Paul is vijftien als hij herhaaldelijk wordt overvallen door hevige hoofdpijnen, duizeligheid en dubbelzien. Aanvankelijk wordt gedacht aan aanstellerij. De huisarts:
Er is hier geen sprake van hoofdpijn. Je bent alleen te beroerd om naar school te gaan en je zoekt steeds weer wat nieuws om te kunnen spijbelen.
Door een oogarts wordt Paul doorverwezen naar een hersenchirurg. Dat het menens is, blijkt als de jongen in het ziekenhuis wordt opgenomen. Zelf heeft hij er geen idee van wat er met hem gaat gebeuren, niemand neemt de moeite het hem te vertellen. Hij moet het doen met de mededeling dat de dokter een kijkje gaat nemen in zijn hoofd. Hij wordt kaalgeschoren en belandt op de operatietafel waar de hersenchirurg onverdroten gaten in zijn schedel begint te boren.
Tussen de sober opgeschreven operatiescènes door haalt Paul jeugdherinneringen op.
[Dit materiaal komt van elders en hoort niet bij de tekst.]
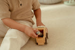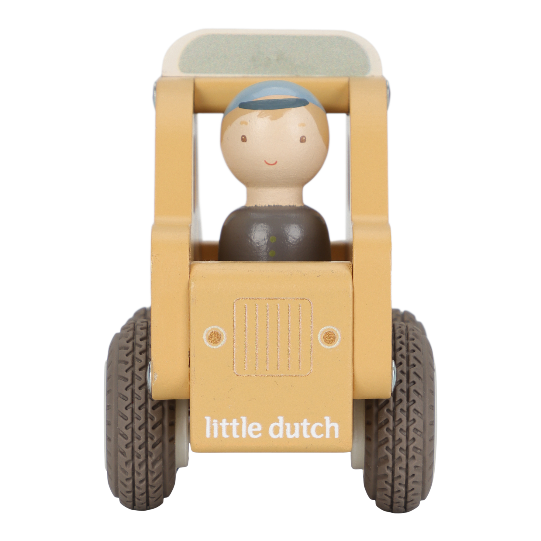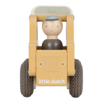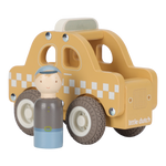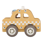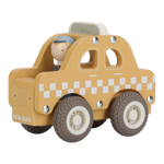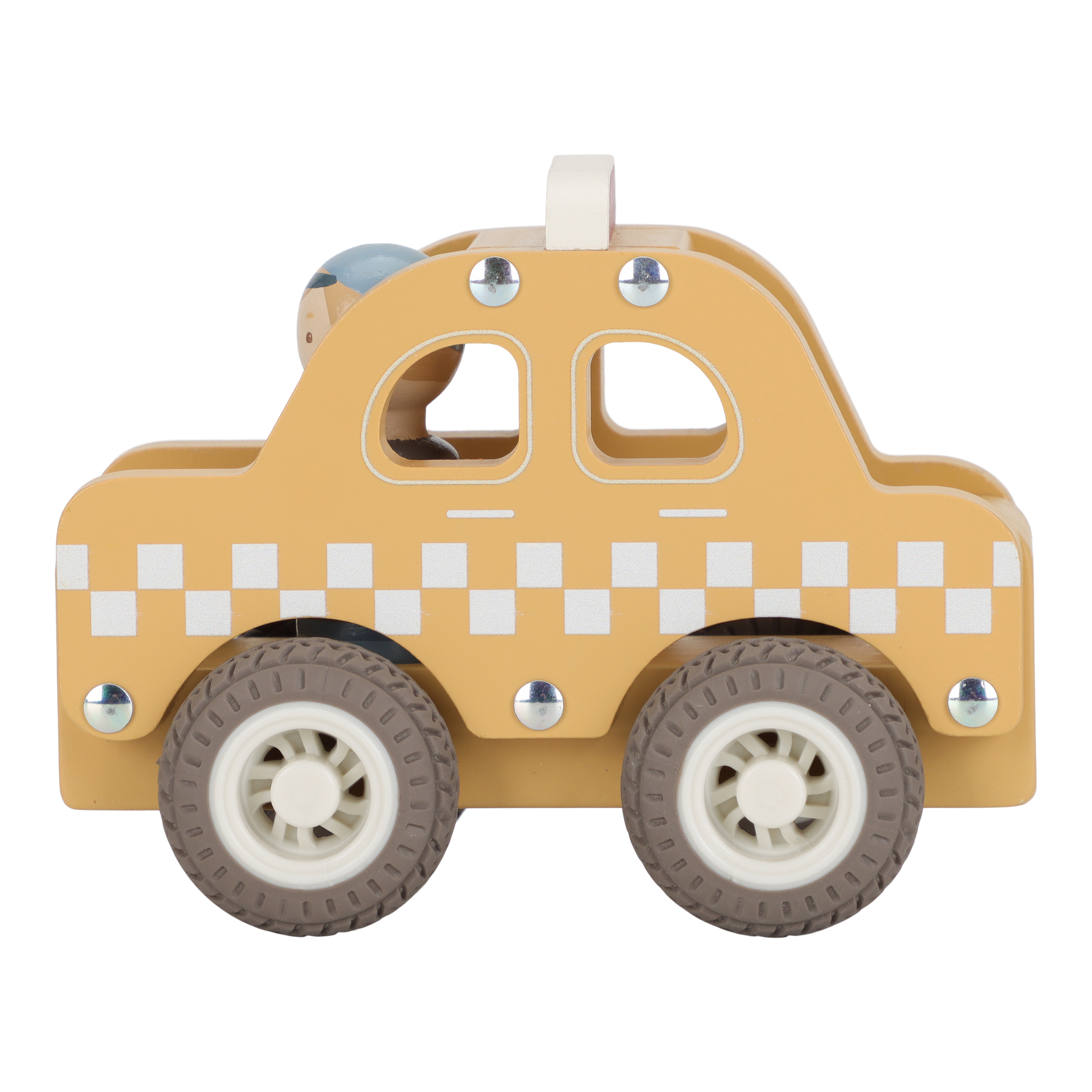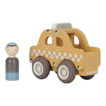 Get in and let's drive you around! This wooden taxi is ready to take passengers safely to their destination. The rubber wheels allow it to drive smoothly and the driver is ready to hit the road. Drive through the busy city, stop at the train station and bring everyone home safely. A timeless toy! Where are you going today?

Het knappe van dit boek is dat Franssens, die intussen al lang geen vijftien meer is (hij werd geboren in 1938), consequent schrijft vanuit het perspectief van een vijftienjarige. Dat betekent dat de ervaringen van de jongen niet worden gekleurd door eventueel later opgedane levenswijsheid. Evenmin heeft de schrijver gekozen voor literatuur-ige opsmuk: er komen in het boek geen barokke zinnen voor. Het gevolg is dat je als lezer héél dicht bij de verteller komt te staan: je ervaart die verteller niet als de drieënvijftigjarige schrijver die hij is, maar als de vijftienjarige jongen die hij in 1953 was.
Dat betekent ook dat hij veel te raden over laat. Waarom zijn vader voor de Duitsers werkte, krijg je niet te horen. Wel herinnert Paul zich, terwijl de dokter een vierde gat in zijn hoofd boort: „Hij was een landverrader.” Er is ook niemand die nalaat om dat Paul in te peperen. Meester Stek, als hij Paul terug naar zijn plaats stuurt: „Heim ins Reich! Ha! Ha!” De leraar heeft Pauls schedelomvang gemeten om aan te tonen dat grootte van het hoofd niet per se iets zegt over intelligentie.
Ja jij, wiens vader tot de intelligente bollebozen behoort: weg- en waterbouwkundig ingenieur, is het niet? Een reislustige, zij het niet in alle opzichten vredelievende, of vaderlandslievende vader.
De vader was na zijn gevangenschap vaak van huis. In het boek is hij voornamelijk de afwezige. Een egocentrische, vreemde, vooral onbereikbare man die een keer zijn vrouw opsloot in een koelcel. Paul heeft, althans voor diens gevoel, zijn plaats ingenomen. Een gouden kind. De belangrijkste vraag die deze roman open laat, is of de schedellichting geholpen heeft. Vermoedelijk wel. Paul heeft de operatie in elk geval overleefd. Zijn moeder sterft twee jaar later aan eenzelfde ingreep.
Frank van Dijl
Jean-Paul Franssens – Een gouden kind. Roman. De Harmonie.
Deze recensie werd eerder gepubliceerd in Algemeen Dagblad, 4 juli 1991.